I would totally go along with that about school - but I'd go further & say the 13 year old _needs_ to be in International school too - unless she is already totally fluent in Spanish & Valenciano

there have also been a few threads about Oliva recently

http://www.expatforum.com/expats/spain-expat-forum-expats-living-spain/80569-moving-oliva.html#post537354

http://www.expatforum.com/expats/spain-expat-forum-expats-living-spain/79993-oliva-social-life.html



http://www.expatforum.com/expats/spain-expat-forum-expats-living-spain/79355-looking-oliva-gandia-area.html


----------



## bobbysox (Jun 28, 2011)

kgrannell said:


> i and my family 3 girls 15 13 9 and wife are thinking of moving to oliva can u tell me the essentials i will need to know .also what shops and schools are there nearby in oliva


Do not do it! It costs **** loadsand almost impossible to get a job. But you could try Madrid is a good choice if you want good transportation. They also have amazing malls. I have family there and it is a beautiful city. If you want nice beaches then Barcelona is a great choice. It is also a beautiful city to live in. Madrid has better schools.
Part of my family is from Spain.
Or you might want to consider valencia, Very beautiful place, full of culture and beautiful beaches... 
go on valencia travel tourist guide

Hope i was helpfull to you, but make the right decission


----------



## xabiaxica (Jun 23, 2009)

bobbysox said:


> Do not do it!
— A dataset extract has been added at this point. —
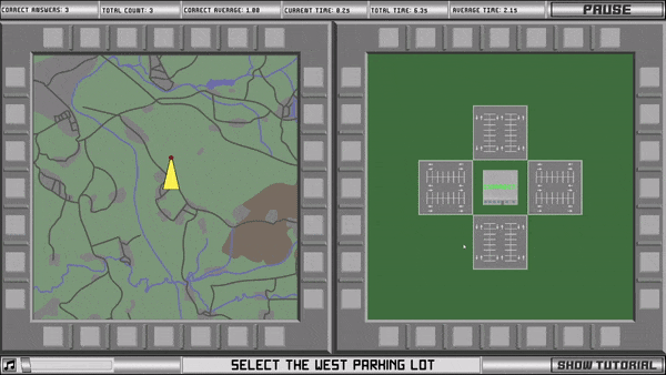 This test measures and improves your ability to determine your aircraft's heading with nothing but your directional orientation shown on a map. In the test, a map is shown with your aircraft's heading depicted as an arrow. On the right side of the screen is a display showing a top-down visual of buildings from your perspective in the aircraft. Simply select the correct building when prompted based on the directional orientation shown on the map.

It costs **** loadsand almost impossible to get a job. But you could try Madrid is a good choice if you want good transportation. They also have amazing malls. I have family there and it is a beautiful city. If you want nice beaches then Barcelona is a great choice. It is also a beautiful city to live in. Madrid has better schools.
> Part of my family is from Spain.
> Or you might want to consider valencia, Very beautiful place, full of culture and beautiful beaches...
> go on valencia travel tourist guide
> ...


Actually Oliva isn't that expensive compared to many towns on this stretch of coast -and it's not far from Valencia, either

you're right about the lack of jobs though


----------



## bobbysox (Jun 28, 2011)

xabiachica said:


> Actually Oliva isn't that expensive compared to many towns on this stretch of coast -and it's not far from Valencia, either
> 
> you're right about the lack of jobs though


Okies, but it isnt cheap if you dont have a job. The english schools are aroung 5000 euros a term and without a job your screwed!...But is is a cheaper way of life if you have the money or a good business.


----------



## xabiaxica (Jun 23, 2009)

bobbysox said:


> Okies, but it isnt cheap if you dont have a job. The english schools are aroung 5000 euros a term and without a job your screwed!...But is is a cheaper way of life if you have the money or a good business.


true

but the OP doesn't say that they need to find work - so until they come back & say one way or the other it's just conjecture


----------



## kgrannell (Jun 24, 2011)

i believe if you want work you will find it ,its the quality of life were after,the schools are a problem unless we learn spanish fast .in england we are slaves we work to pay bills,the councils and government need money to pay there workforce to keep the employment figures down


----------



## xabiaxica (Jun 23, 2009)

kgrannell said:


> i believe if you want work you will find it ,its the quality of life were after,the schools are a problem unless we learn spanish fast .in england we are slaves we work to pay bills,the councils and government need money to pay there workforce to keep the employment figures down


you do realise that spain has more than double the unemployment rate of the UK??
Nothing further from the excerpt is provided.